Video converter: The video converter is a device that connects to a video system center to convert images from a fiber endoscope into monitor images.
Camera head: The camera head is a device that connects to a video system center to convert images from a fiber endoscope or rigid endoscope into monitor images.
Mobile workstation: The mobile workstation is a special trolley to place the light source and other devices.
Wall mains outlet: The wall mains outlet is a wall AC mains power outlet socket having an exclusive terminal for grounding.
Isolation transformer: The isolation transformer is a safety device that is used to isolate noninsulated equipment with potentially high leakage currents to decrease the possibility of electric shock.
Automatic brightness adjustment: The automatic brightness adjustment automatically adjusts the intensity of the light emitted from the light source so that the endoscopic image will be maintained at constant brightness even if the distance between the distal end of the endoscope’s insertion tube and the subject changes.
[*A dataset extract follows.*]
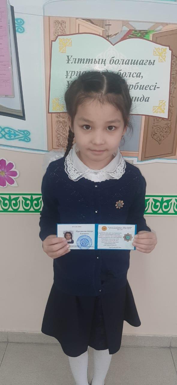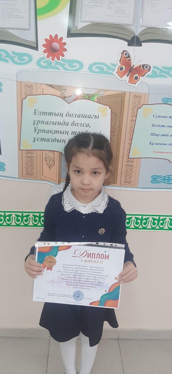 Қазақстан Республикасы тәуелсіздігінің 30 жылдық мерейтойына орай " Мерейлі отбасы - мемлекет тірегі" атты республикалық байқауға қатысып 2 " Б" сынып оқушысы Нургожаева Айзере дарындылығы мен оқу барысында білімге ізденімпаздығы үшін " ҚР тәуелсіздігіне 30 жыл " төсбелгішесімен және куәлігімен,І дәрежелі дипломмен марапатталды. "Мерейлі отбасы-мемлекет тірегі" атты республикалық дарынды оқушыларға арналған жинаққа "Отбасым-асыл қазынам" мақаласы жарияланды.

Transillumination function: With this function, the distal end of the endoscope emits more intense examination light, which transmits the body wall of the patient and enables the operator to confirm the position of the distal end from outside the patient’s body, provided that the operating room illumination is low.
High intensity mode: This mode emits brighter illumination light than usual. It is available only with the endoscopes and light guide cables compatible with this mode.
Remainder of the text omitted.